- Problem statement -
In the material below, the lines containing the word "design" are required; copy each of them.

- Entries shown -
/---
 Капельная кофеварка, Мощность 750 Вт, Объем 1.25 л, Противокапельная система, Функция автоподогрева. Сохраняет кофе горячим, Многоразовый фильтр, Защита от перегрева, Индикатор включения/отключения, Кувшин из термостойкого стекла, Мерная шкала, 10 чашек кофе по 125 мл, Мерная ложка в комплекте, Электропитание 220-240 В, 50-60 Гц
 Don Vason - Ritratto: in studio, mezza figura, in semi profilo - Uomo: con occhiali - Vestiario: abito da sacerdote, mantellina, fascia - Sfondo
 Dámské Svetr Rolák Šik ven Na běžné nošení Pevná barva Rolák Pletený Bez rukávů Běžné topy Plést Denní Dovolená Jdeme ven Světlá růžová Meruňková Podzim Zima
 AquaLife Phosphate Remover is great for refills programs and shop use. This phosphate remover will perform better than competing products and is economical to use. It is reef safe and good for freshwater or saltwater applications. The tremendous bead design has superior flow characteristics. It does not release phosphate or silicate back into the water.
\---
/---
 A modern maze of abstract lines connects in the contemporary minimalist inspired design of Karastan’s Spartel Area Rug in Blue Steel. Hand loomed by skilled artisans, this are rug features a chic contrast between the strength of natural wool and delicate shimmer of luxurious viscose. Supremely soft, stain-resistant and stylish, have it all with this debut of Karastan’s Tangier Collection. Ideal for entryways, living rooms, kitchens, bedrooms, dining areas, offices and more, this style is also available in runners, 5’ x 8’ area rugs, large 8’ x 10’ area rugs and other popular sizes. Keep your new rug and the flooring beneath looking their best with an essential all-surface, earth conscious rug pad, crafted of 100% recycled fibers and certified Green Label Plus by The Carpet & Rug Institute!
\---
- Completed exercise -
 AquaLife Phosphate Remover is great for refills programs and shop use. This phosphate remover will perform better than competing products and is economical to use. It is reef safe and good for freshwater or saltwater applications. The tremendous bead design has superior flow characteristics. It does not release phosphate or silicate back into the water.
 A modern maze of abstract lines connects in the contemporary minimalist inspired design of Karastan’s Spartel Area Rug in Blue Steel. Hand loomed by skilled artisans, this are rug features a chic contrast between the strength of natural wool and delicate shimmer of luxurious viscose. Supremely soft, stain-resistant and stylish, have it all with this debut of Karastan’s Tangier Collection. Ideal for entryways, living rooms, kitchens, bedrooms, dining areas, offices and more, this style is also available in runners, 5’ x 8’ area rugs, large 8’ x 10’ area rugs and other popular sizes. Keep your new rug and the flooring beneath looking their best with an essential all-surface, earth conscious rug pad, crafted of 100% recycled fibers and certified Green Label Plus by The Carpet & Rug Institute!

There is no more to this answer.